Table 3 identifies those variables that correlated with DSS. In our univariate analysis, we found that patients with a preoperative albumin > 36 g/l exhibited a better survival (p = 0.011). Ca 19–9 > 37 kU/l (p = 0.002), CEA > 5.0 μg/l (p = 0.027) and bilirubin > 20 μmol/l (p = 0.030) associated with significantly higher hazard ratios (HRs) and emerged as prognostic factors for a worse DSS. Furthermore, T stage T3–4 (p = 0.029), lymph node metastases N1–2 (p = 0.001), tumor grade 3 (p = 0.017), a tumor > 30 mm (p < 0.000) all associated with a worse prognosis.
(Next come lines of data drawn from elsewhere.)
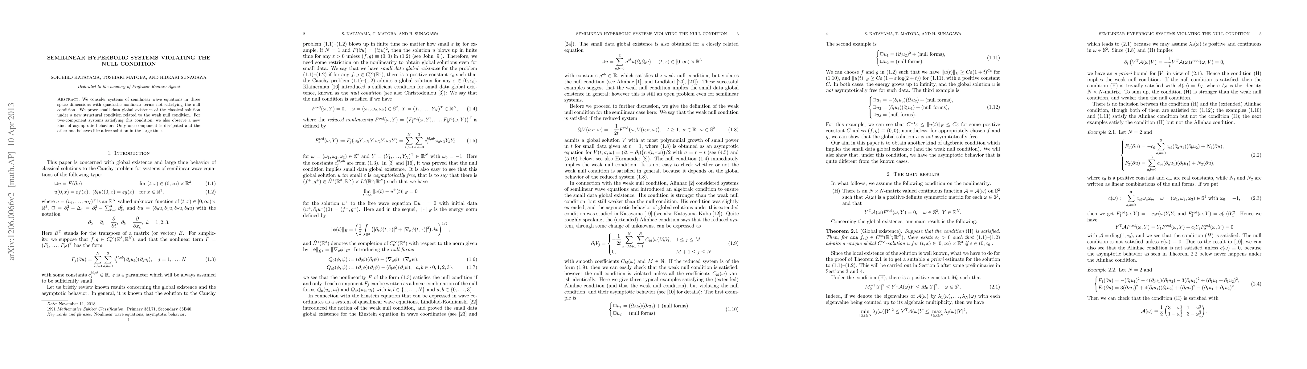 This paper proves small data global existence for semilinear hyperbolic systems of wave equations with quadratic nonlinearities that violate the null condition. It introduces a new structural condition related to the weak null condition and observes unique asymptotic behavior where only one component dissipates while the other behaves independently.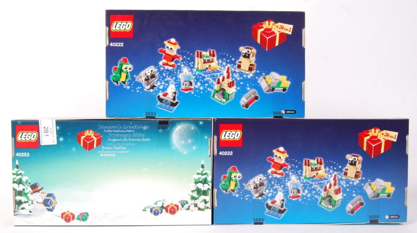 A collection of 3 x Lego Christmas 24 in 1 build up advent sets to include; 2 x No. 40222 and No. 40253. All appear factory sealed and as new.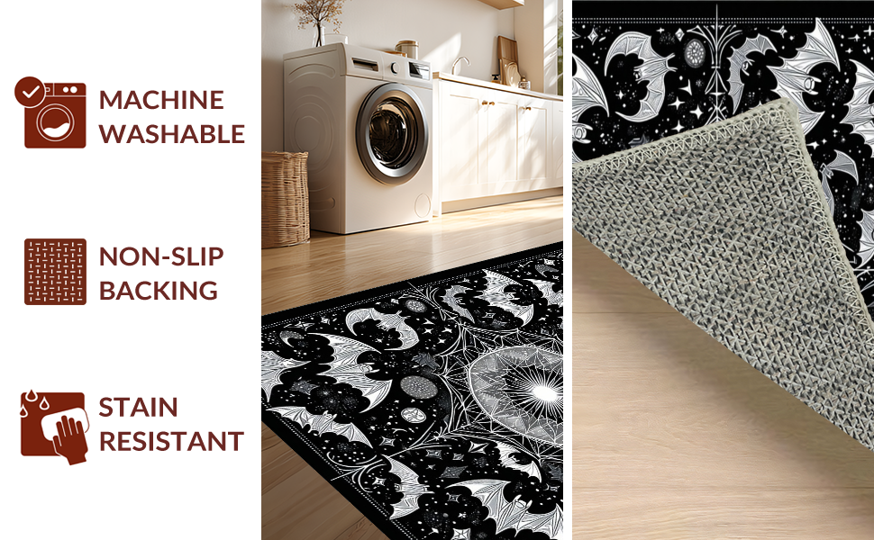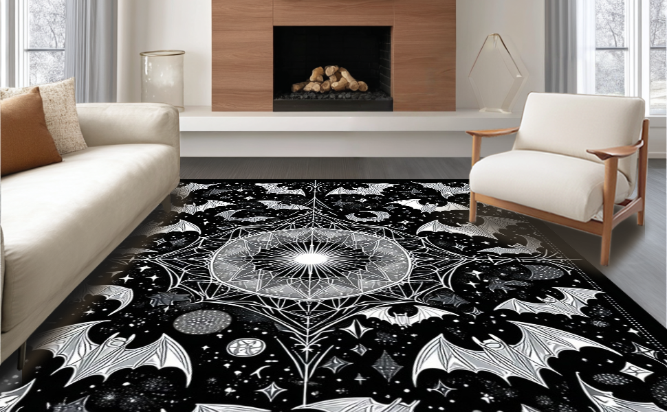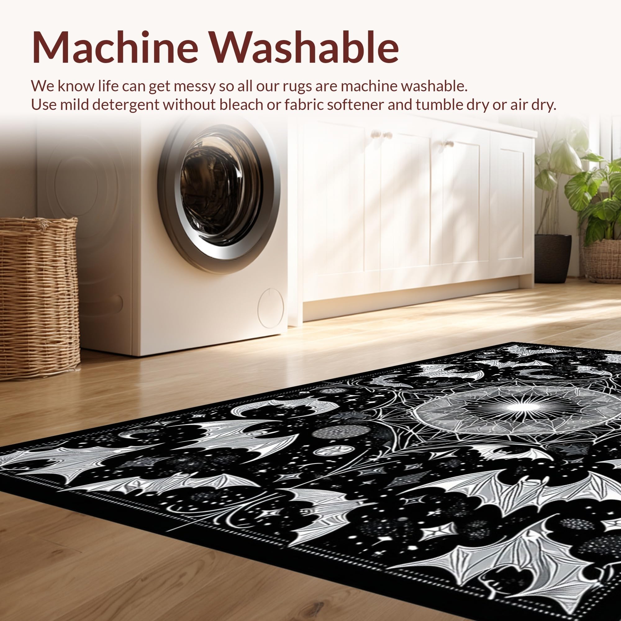 Ultra Soft Area Rug, Non Slip, Stain Resistant, Washable Area Rugs for Living Room, Bedroom, Darkly Romantic Spooky Elegance(Black) Overview:

In addition, severe perilobular fibrosis (p = 0.013), moderate and severe intralobular fibrosis (p = 0.033 and p = 0.002), moderate and severe atrophy (p = 0.004 and p = 0.001) and mild and moderate chronic inflammation (p = 0.010 and p = 0.002) all emerged as unfavorable prognostic factors for DSS.

Table 3

Univariate and multivariate analysis of disease-specific survival (DSS) among PDAC patients (n = 236)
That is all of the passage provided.